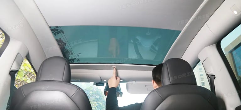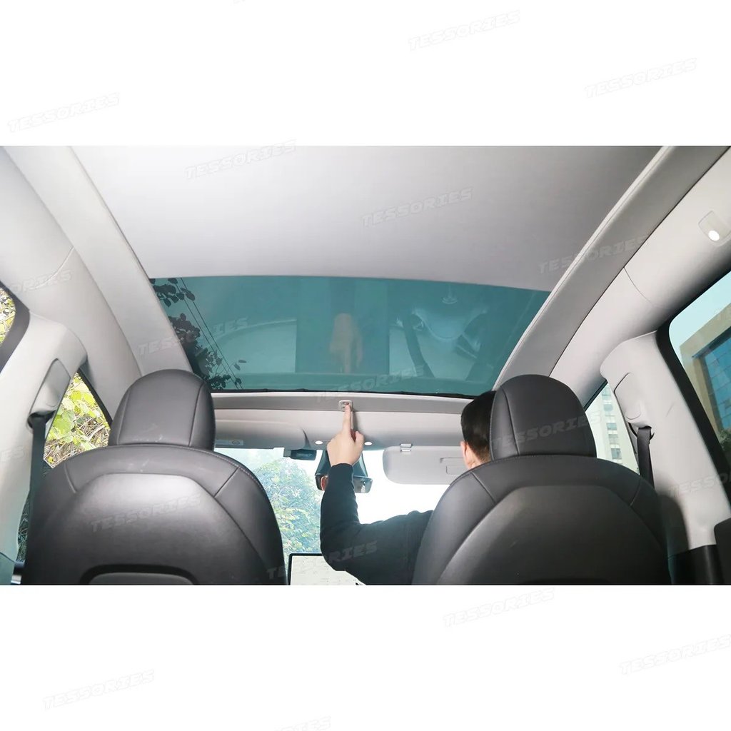 Experience the pinnacle of convenience and comfort with our electric sunshade, tailored exclusively for your Tesla Model Y. Its ultra-slim frame seamlessly integrates with the car's modern interior while effectively shielding your sunroof from the scorching sun on hot days. When you don't need it, the sunshade maintains full visibility, letting you relish the expansive sky above. Operating the sunshade is a breeze; simply press a button or use the voice control feature, making it effortless to adjust to your preference. Enjoy the perfect blend of luxury and innovation in your Tesla Model Y!
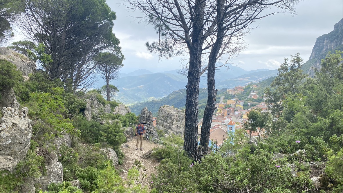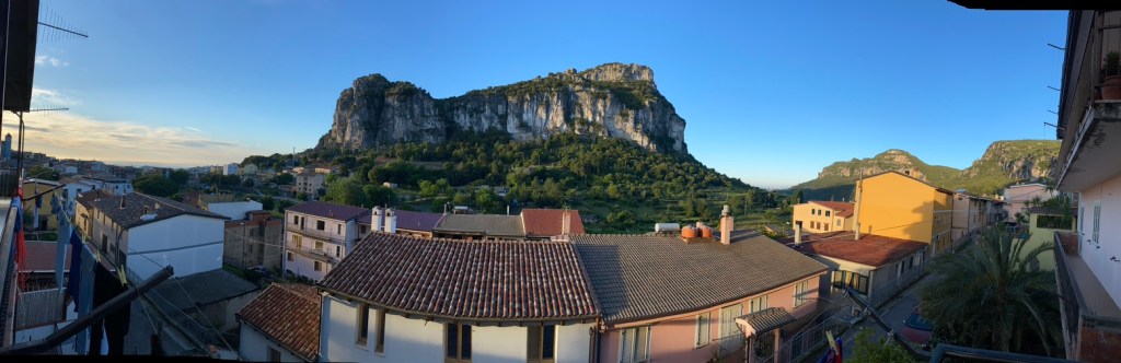 Our house is a comfortable 3 bedroom apartment with a glorious view of the one main crags, Torre de Venti and the Mediterranean off to far left. Right underneath the crag is the main plaza of Piazza Barigau, with a mini football pitch and playground next to the Piazza. Dogs, pigs, sheep and goat bells, and the occasional braying donkey provide a near constant but distant drone during the day. They do quiet down at night time. Church bells remind us of the time, with two strikes every half hour.
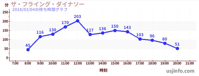 • ザ・フライング・ダイナソー$B$N(B2018年03月04日の待ち時間
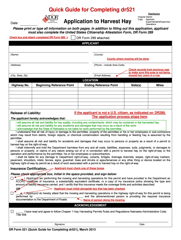 Quick Guide for Completing dr521 Application to Harvest Hay Date: Distribution Original: District Copy: Applicant Superintendent×Supervisor Operations Please print or type all information on both
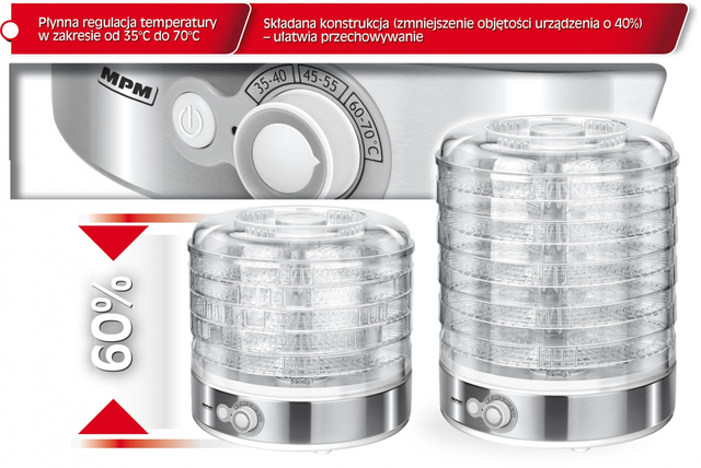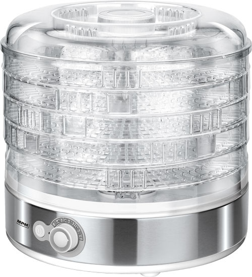 Сушка для фруктів і овочів Mpm MSG-11 з електронним управлінням виготовлена з високоміцного пластика. 5 піддонів дозволяють сушити різні овочі і фрукти без змішання запахів.
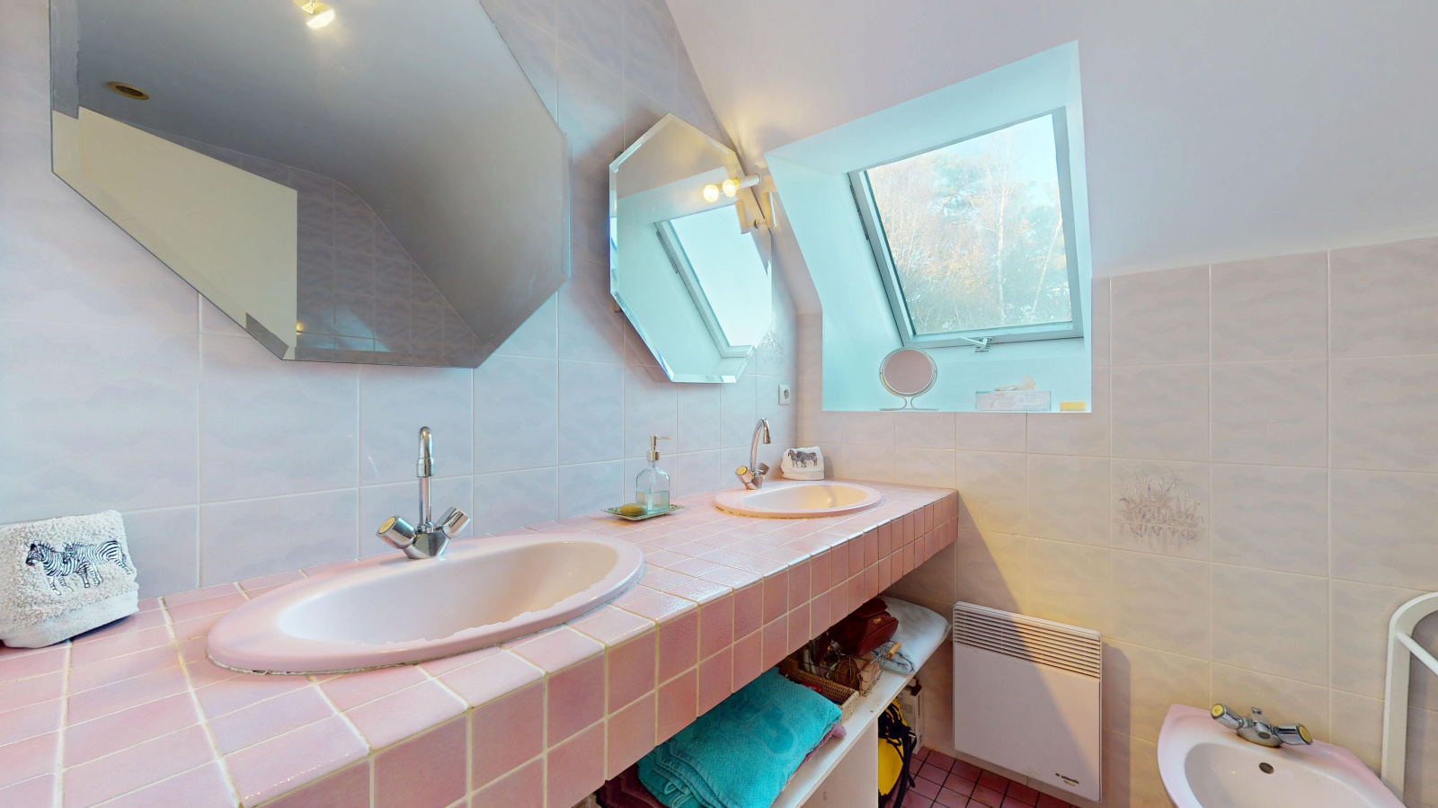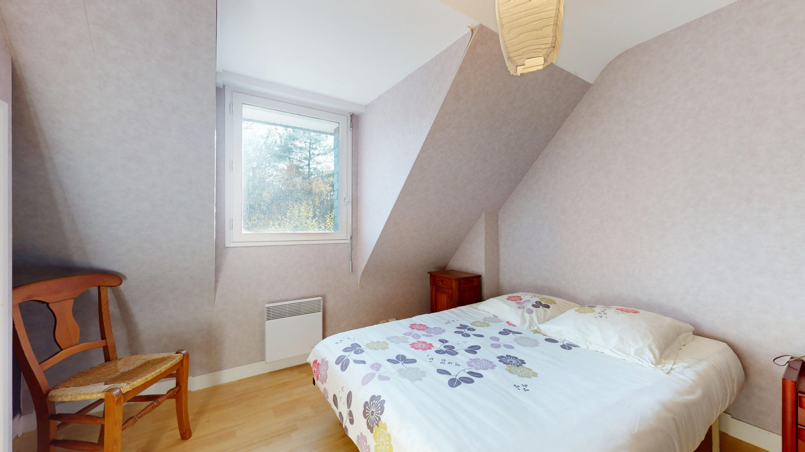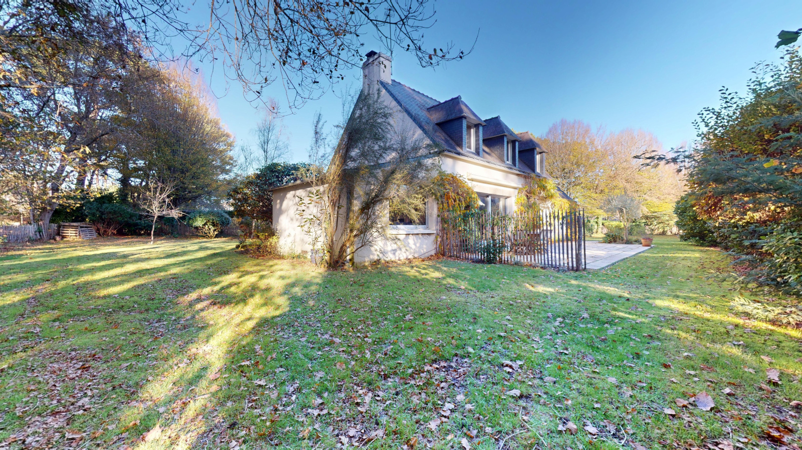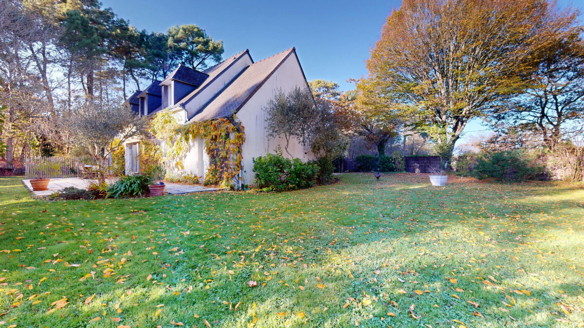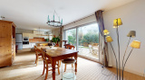 Environnement préservé et boisé pour cette villa offrant un salon-cuisine de 55m² avec cheminée et accès direct sur le jardin.
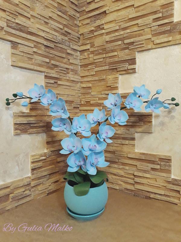Светильник из фоамирана в виде орхидеи "Фаленопсис". На светильнике на фото две ветки по 9 и 7 светодиодов. Высота 60 - 65 см, диаметр цветка 6 - 7,5 см, Работает от 220.
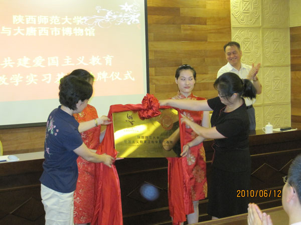 接下来,志愿者代表作了简单发言。发言结束后,威尼斯欢迎你welcome党委书记丁虹与大唐西市博物馆馆长王彬女士郑重签署了共建协议书,并为基地揭牌。揭牌仪式结束后,参加此次签约仪式的威尼斯官网老师和09级近百名学生在大唐西市博物馆专业讲解员的带领下参观了大唐西市博物馆。
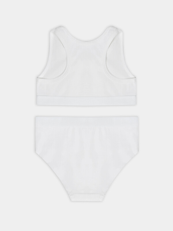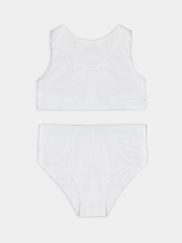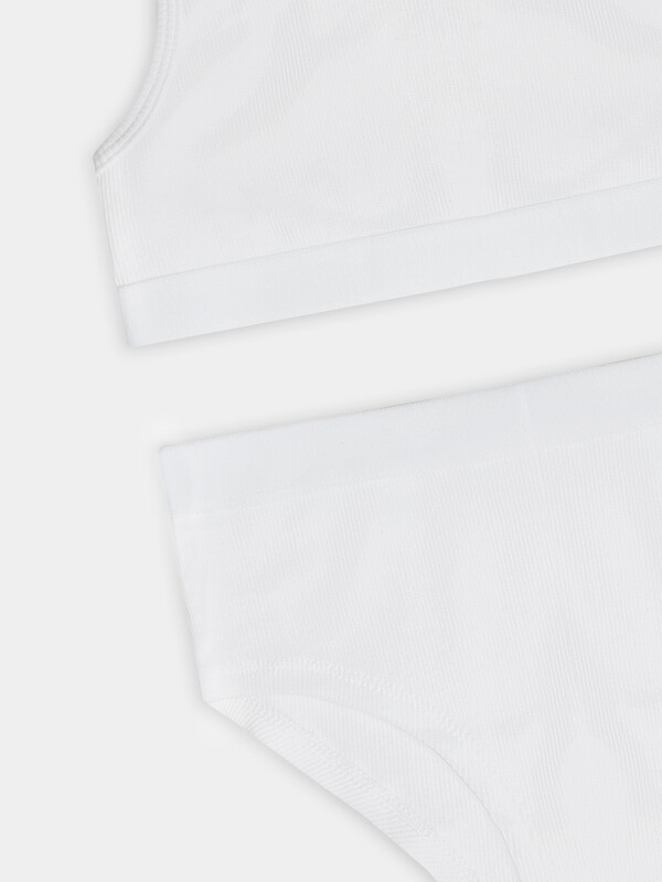 Трусики выполнены из того же дышащего материала, что и топ. Мягкая обработка швов предотвращает натирание, а эластичная тесьма по верхнему краю надежно фиксирует изделие. Комплект нижнего белья для девочки подходит для повседневной носки, занятий спортом или отдыха. Этот детский комплект сочетает практичность и стиль: лаконичный дизайн без лишних деталей, качественные материалы и продуманная конструкция. Вы можете купить комплект нижнего белья для девочки для активного образа жизни, где важны удобство, свобода движений и комфорт.

____

WHAT TO DO
Exactly restate the lines from the one holding "接下来,志愿者代表作了简单发" to the final line of the records above, including both and excluding pictures.

EXERCISE SOLUTION
 接下来,志愿者代表作了简单发言。发言结束后,威尼斯欢迎你welcome党委书记丁虹与大唐西市博物馆馆长王彬女士郑重签署了共建协议书,并为基地揭牌。揭牌仪式结束后,参加此次签约仪式的威尼斯官网老师和09级近百名学生在大唐西市博物馆专业讲解员的带领下参观了大唐西市博物馆。
 Трусики выполнены из того же дышащего материала, что и топ. Мягкая обработка швов предотвращает натирание, а эластичная тесьма по верхнему краю надежно фиксирует изделие. Комплект нижнего белья для девочки подходит для повседневной носки, занятий спортом или отдыха. Этот детский комплект сочетает практичность и стиль: лаконичный дизайн без лишних деталей, качественные материалы и продуманная конструкция. Вы можете купить комплект нижнего белья для девочки для активного образа жизни, где важны удобство, свобода движений и комфорт.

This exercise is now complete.